• Exercise aim: Word for word, restate the lines of the data below between those holding "No Brand military" and "Bis Ende Juni", inclusive; pictures do not belong in the copy.

---------- Collected material ----------

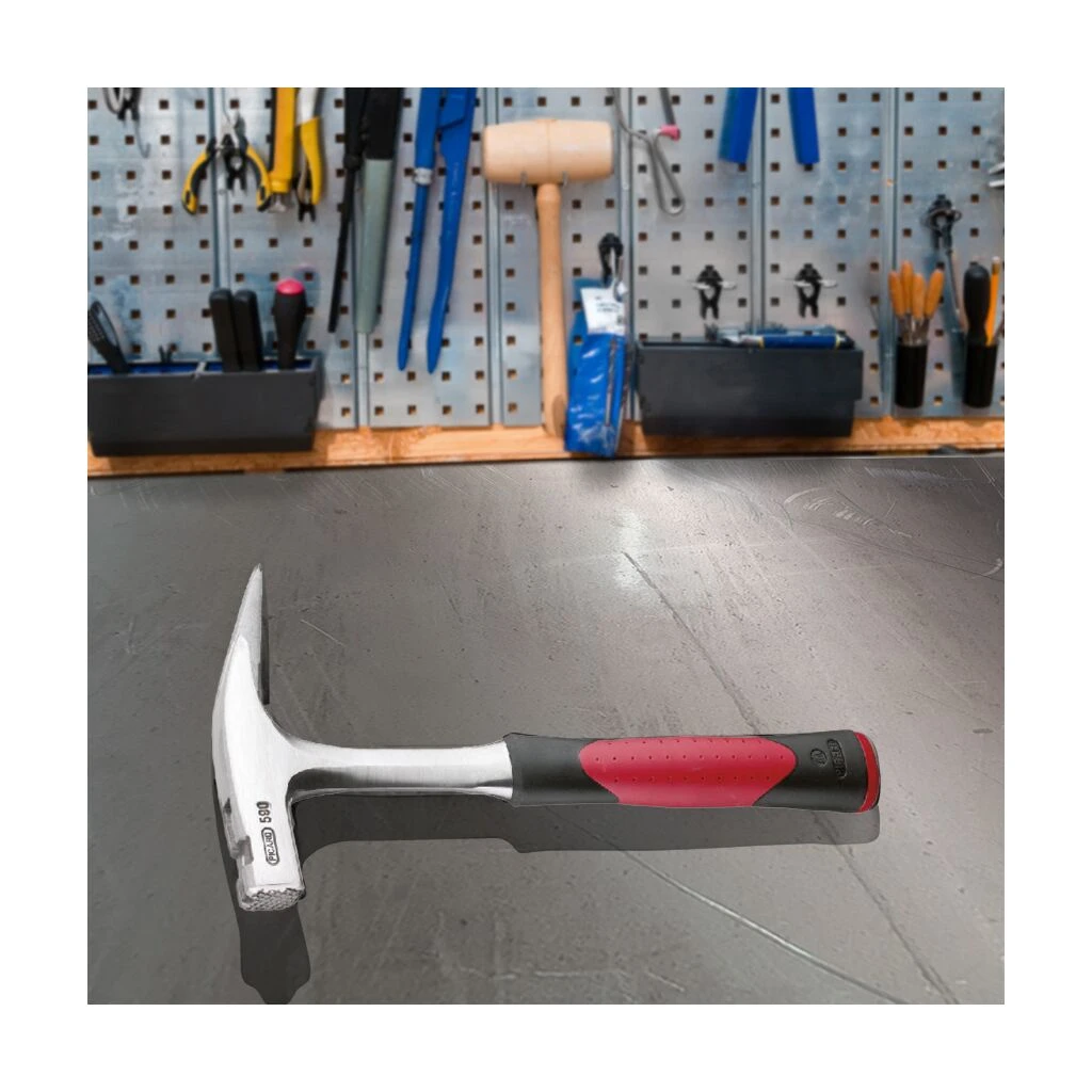 Aus einem Stück geschmiedet mit magnetischem Nagelhalter. Stahlrohrstiel mit schwingungsdämpfendem 2-Komponenten-Griff.
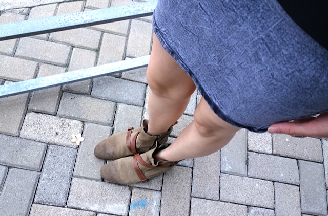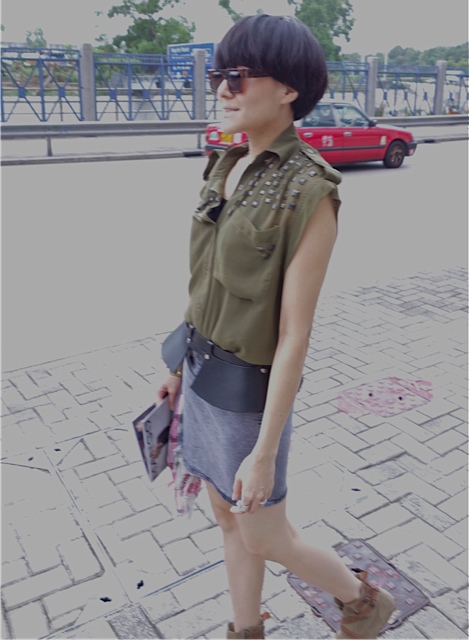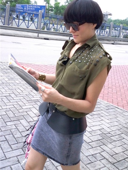 No Brand military green studds shirt; H&M denim skirt & chunky bangle; Zana Bayne leather peplum belt from IFC Lane Crawford; ASOS ankle boots.
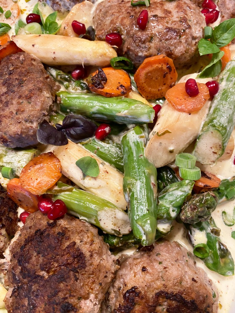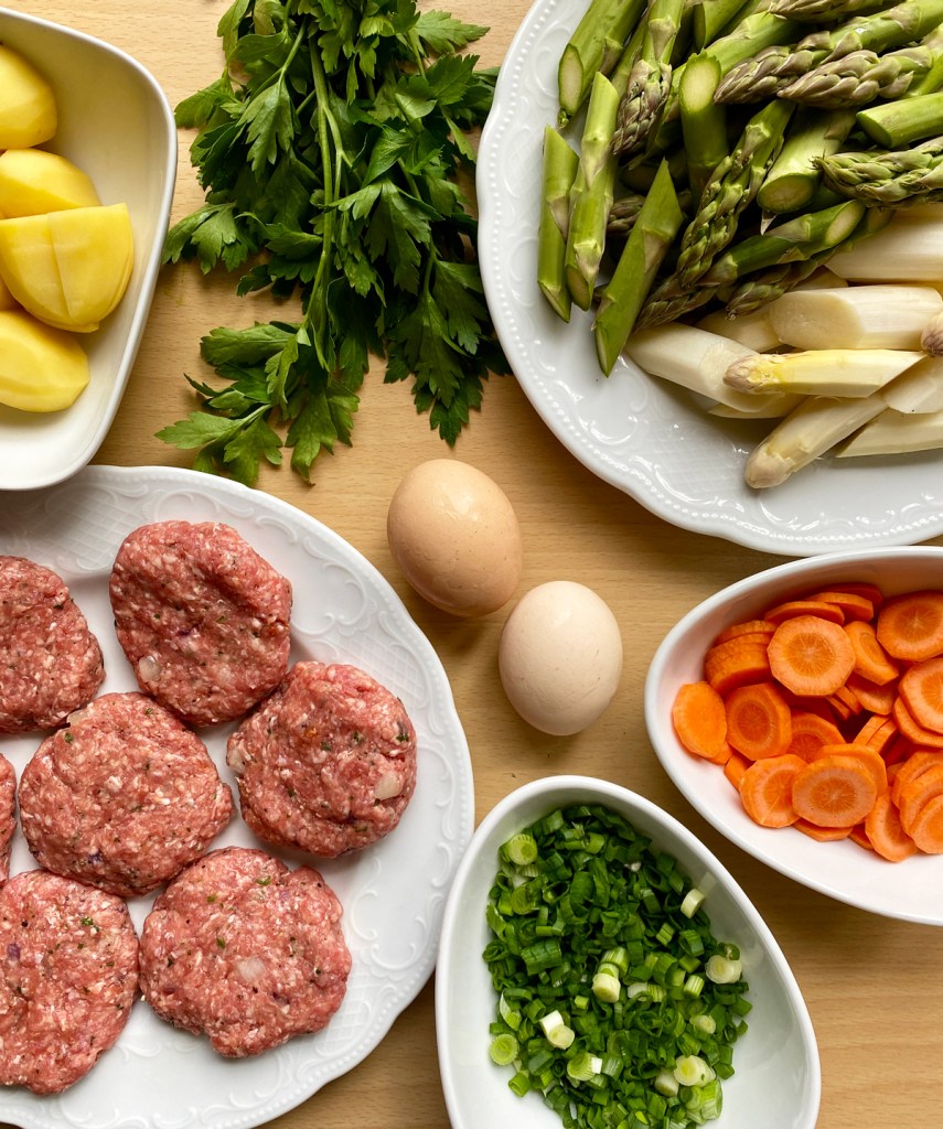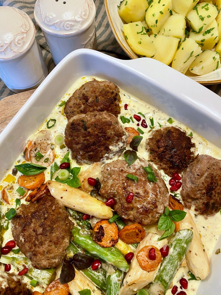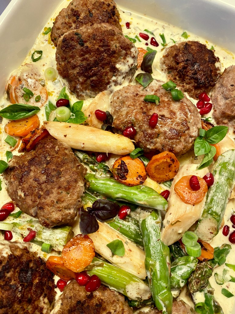Bis Ende Juni können wir das feine Gemüse noch genießen, frisch vom Wochenmarkt. Spargel als Suppe, Salat und Pasta, klassisch zu Schinken oder Sauce hollandaise oder darf es etwas rustikaler sein – mit Frikadellen aus dem Ofen. Ich wollte gerne ein wenig Abwechslung in die Spargelsaison bringen und dieser cremiger Spargeltopf ist vor allem eins – gut für die Seele. Ein Mix aus grünem und weißem Spargel mit herzhaften Frikadellen und einer cremigen Sauce. Was zuerst von meiner Familie infrage gestellt wurde, doch übrig blieb nichts und geschmeckt hat es allen.
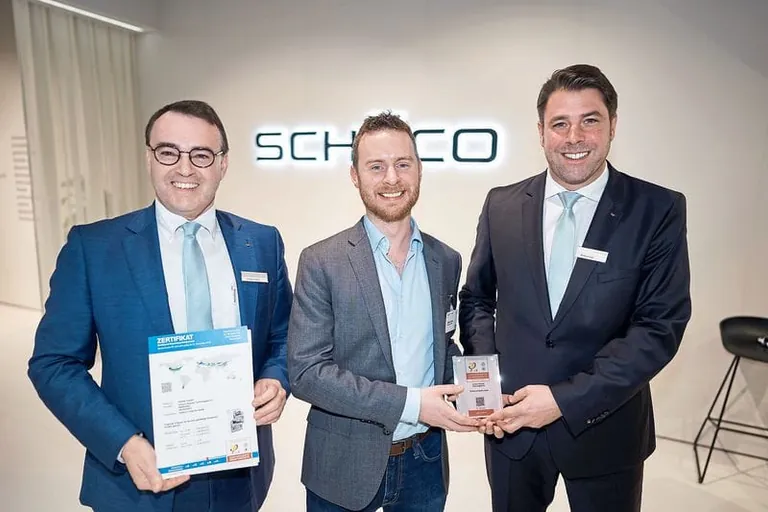 Das Passivhaus Institut in Darmstadt hat dem Kunststoff-System Schüco Living Alu Inside auf der Bau 2019 das Passivhaus-Zertifikat verliehen. Das Fenster kommt ohne Stahlarmierungen aus. Stattdessen setzt das Unternehmen auf seine patentierte Aluminium-Verbundtechnologie. Aufgrund des Verzichts auf die Stahlarmierung und durch seine Siebenkammern-Profilkonstruktion sowie die gezielte Positionierung der Aluminiumbänder ist das System wärmebrückenfrei, verspricht Schüco. Das Mitteldichtungssystem mit drei Dichtungsebenen und den Dämmzonen zur Aufnahme von Neopor-Blöcken erreicht nach Herstellerangaben einen Uf-Wert von 0,87 W/m²K. Die Passivhauseignung nach Dr. Feist werde durch den Einsatz zusätzlicher Neopor-Blöcke bei einem Uf-Wert von 0,79 W/m²K erreicht. Bei der Montage wirke sich der Verzicht auf Stahlverstärkungen positiv aus: Die Elemente seien leichter und einfacher zu handhaben. Da die Konstruktion zur Schüco Living Systemfamilie gehört, kann der Verarbeiter auf etliche identische Haupt- und Zubehörprofile sowie das passende Aluminium-Deckschalensortiment zugreifen.

----------

• Task answer:
 No Brand military green studds shirt; H&M denim skirt & chunky bangle; Zana Bayne leather peplum belt from IFC Lane Crawford; ASOS ankle boots.
Bis Ende Juni können wir das feine Gemüse noch genießen, frisch vom Wochenmarkt. Spargel als Suppe, Salat und Pasta, klassisch zu Schinken oder Sauce hollandaise oder darf es etwas rustikaler sein – mit Frikadellen aus dem Ofen. Ich wollte gerne ein wenig Abwechslung in die Spargelsaison bringen und dieser cremiger Spargeltopf ist vor allem eins – gut für die Seele. Ein Mix aus grünem und weißem Spargel mit herzhaften Frikadellen und einer cremigen Sauce. Was zuerst von meiner Familie infrage gestellt wurde, doch übrig blieb nichts und geschmeckt hat es allen.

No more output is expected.